_WHAT IS REQUIRED:_
Copy the data that appears below exactly. Drop the pictures.

[Source records]
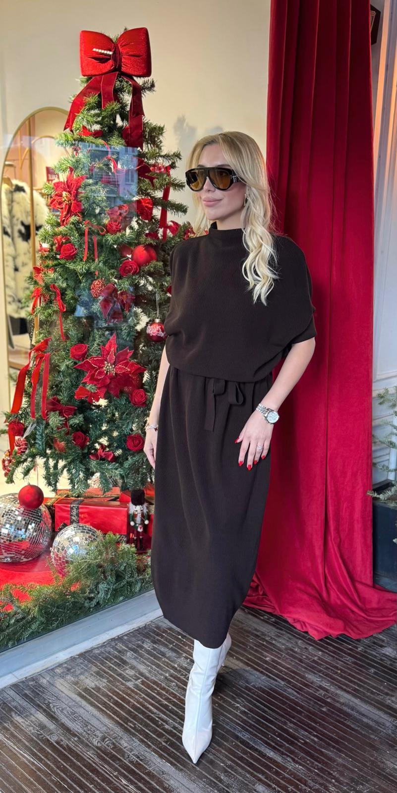 KAHVE KUŞAKLI TRİKO MİDİ ELBİSE (ST01614-KAHVE-STD)
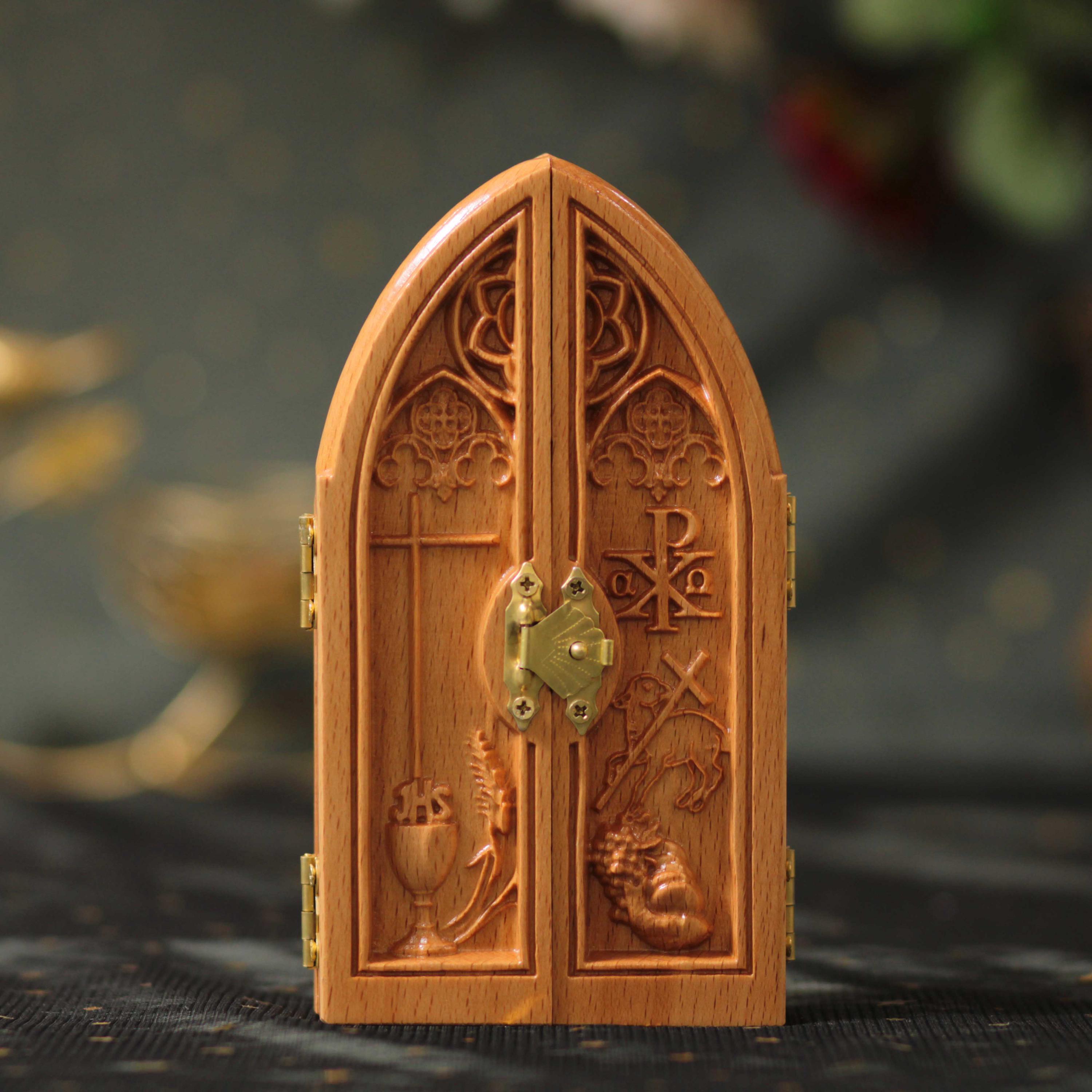 This handcrafted Wooden Catholic Triptych of Christ Triumphant beautifully portrays Our Lord Jesus Christ in glory, accompanied by the Blessed Virgin Mary, Saint Joseph, and holy Angels. Carefully carved from natural wood, this sacred triptych is designed to inspire prayer, faith, and reverence in the Christian home.
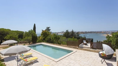 This pretty pink villa commands lovely views of the sea as well as the nearby coastal town of Sagres... -
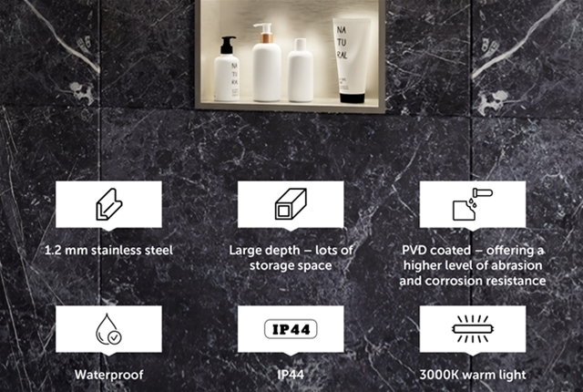 Shower Niche’s offer something different to your bathroom, easy storage and elegance. With the pre lit niche’s installations never been easier offering a warm lighting touch to your shower.
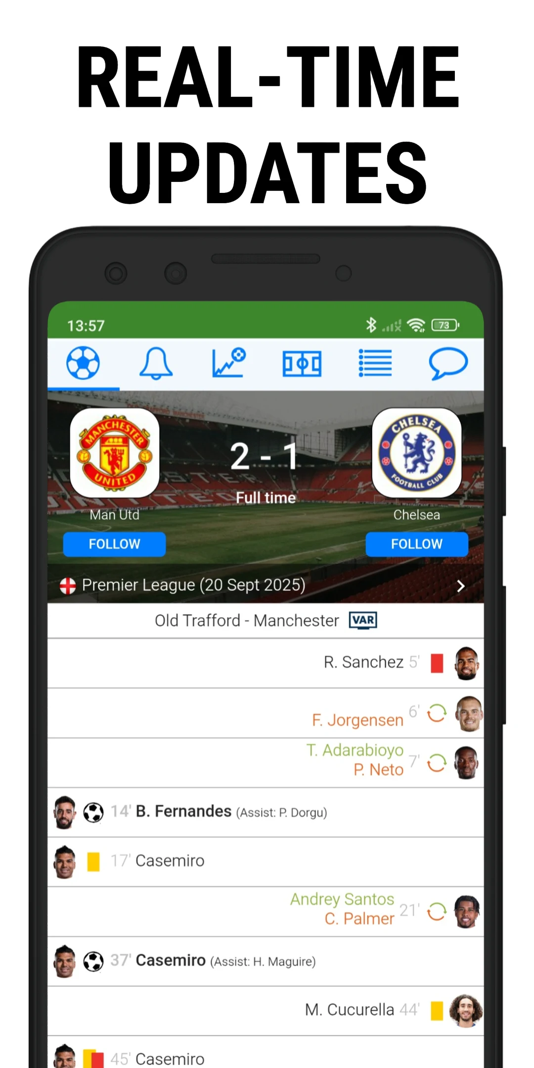 With a user-friendly design, Football Live Scores automatically prioritizes the leagues or countries you favor, offering a streamlined experience. It showcases match details like scorers, card information, and penalties, all in one place. Enjoy unlimited access to real-time football updates anytime, free of charge, with the Football Live Scores app on your Android device.
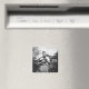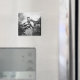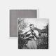 Um jovem segurando um gato é uma fotografia adorável neste ímã. Claro que parece excelente naquela geladeira.
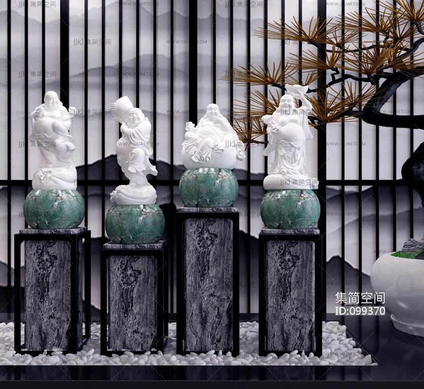 新中式雕塑摆件3D模型3d模型下载
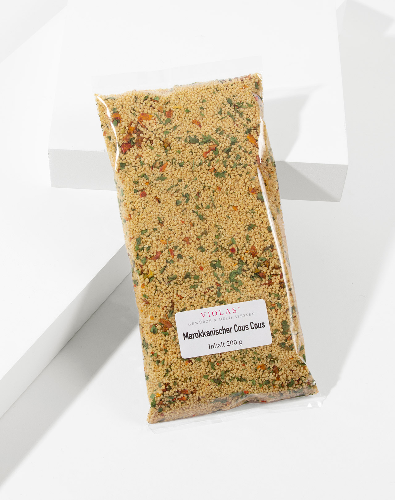 Couscous hat seinen Ursprung in Nordafrika und ist heute ein wesentlicher Bestandteil der schmackhaften Küche Marokkos. Unser Couscous ist mit seinen Gewürzen eine ideale Beilage zu Rind, Lamm oder Geflügel. Besonders authentisch ist eine Zubereitung als Eintopfgericht im traditionellen Schmortopf, der Tajine.
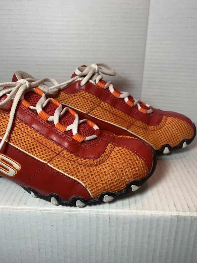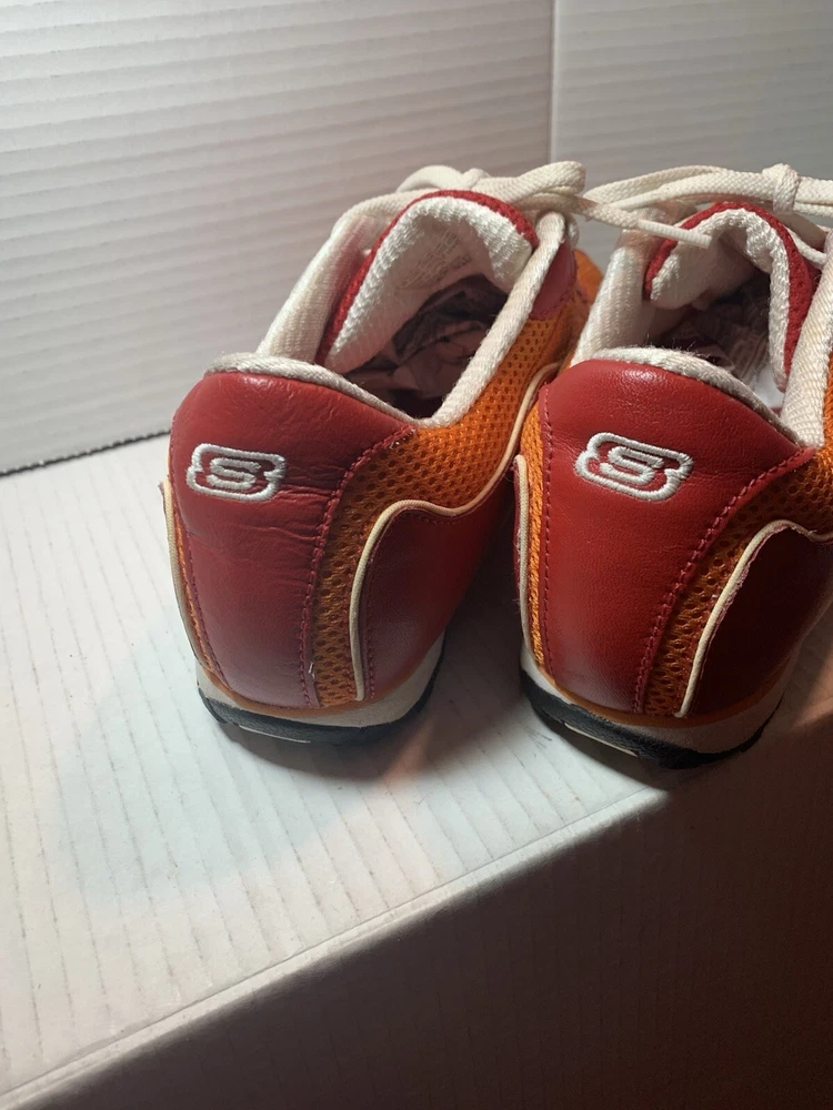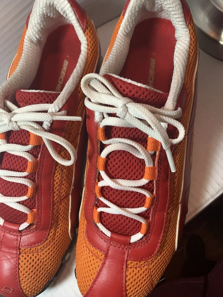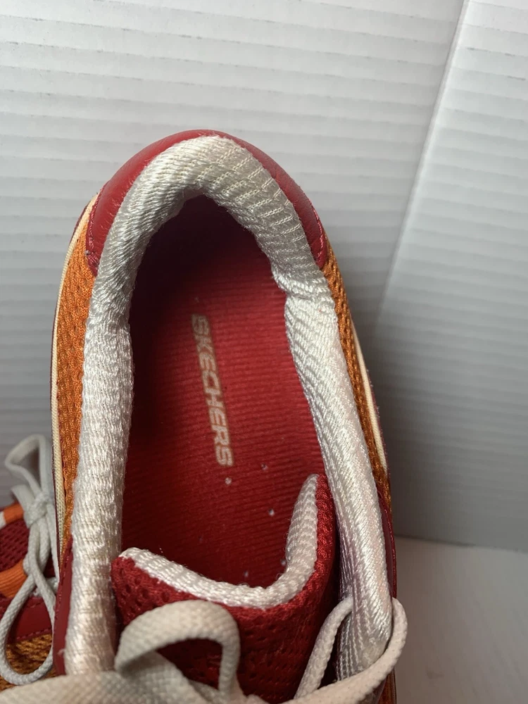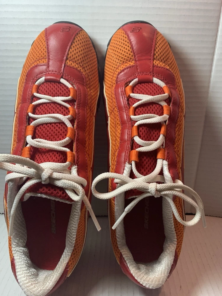 Step up your shoe game with these vibrant orange and red Sketchers sneakers! Made with leather and featuring a slip-resistant rubber cleat, these athletic shoes are perfect for any occasion - whether it's for activewear, casual workwear, or just for everyday casual wear. The breathable fabric insole ensures your feet stay cool and comfortable, while the insulated feature keeps them warm in the winter and cool in the summer. These size 9 1/2 shoes are perfect for any sports or performance activity, including bowling, baseball, and basketball. The Sketchers Street product line is known for its colorful and trendy designs, and these sneakers are no exception. With a medium shoe width and a comfortable fit, these shoes are a must-have addition to any wardrobe.

_TASK RESULT:_
 KAHVE KUŞAKLI TRİKO MİDİ ELBİSE (ST01614-KAHVE-STD)
 This handcrafted Wooden Catholic Triptych of Christ Triumphant beautifully portrays Our Lord Jesus Christ in glory, accompanied by the Blessed Virgin Mary, Saint Joseph, and holy Angels. Carefully carved from natural wood, this sacred triptych is designed to inspire prayer, faith, and reverence in the Christian home.
 This pretty pink villa commands lovely views of the sea as well as the nearby coastal town of Sagres... -
 Shower Niche’s offer something different to your bathroom, easy storage and elegance. With the pre lit niche’s installations never been easier offering a warm lighting touch to your shower.
 With a user-friendly design, Football Live Scores automatically prioritizes the leagues or countries you favor, offering a streamlined experience. It showcases match details like scorers, card information, and penalties, all in one place. Enjoy unlimited access to real-time football updates anytime, free of charge, with the Football Live Scores app on your Android device.
 Um jovem segurando um gato é uma fotografia adorável neste ímã. Claro que parece excelente naquela geladeira.
 新中式雕塑摆件3D模型3d模型下载
 Couscous hat seinen Ursprung in Nordafrika und ist heute ein wesentlicher Bestandteil der schmackhaften Küche Marokkos. Unser Couscous ist mit seinen Gewürzen eine ideale Beilage zu Rind, Lamm oder Geflügel. Besonders authentisch ist eine Zubereitung als Eintopfgericht im traditionellen Schmortopf, der Tajine.
 Step up your shoe game with these vibrant orange and red Sketchers sneakers! Made with leather and featuring a slip-resistant rubber cleat, these athletic shoes are perfect for any occasion - whether it's for activewear, casual workwear, or just for everyday casual wear. The breathable fabric insole ensures your feet stay cool and comfortable, while the insulated feature keeps them warm in the winter and cool in the summer. These size 9 1/2 shoes are perfect for any sports or performance activity, including bowling, baseball, and basketball. The Sketchers Street product line is known for its colorful and trendy designs, and these sneakers are no exception. With a medium shoe width and a comfortable fit, these shoes are a must-have addition to any wardrobe.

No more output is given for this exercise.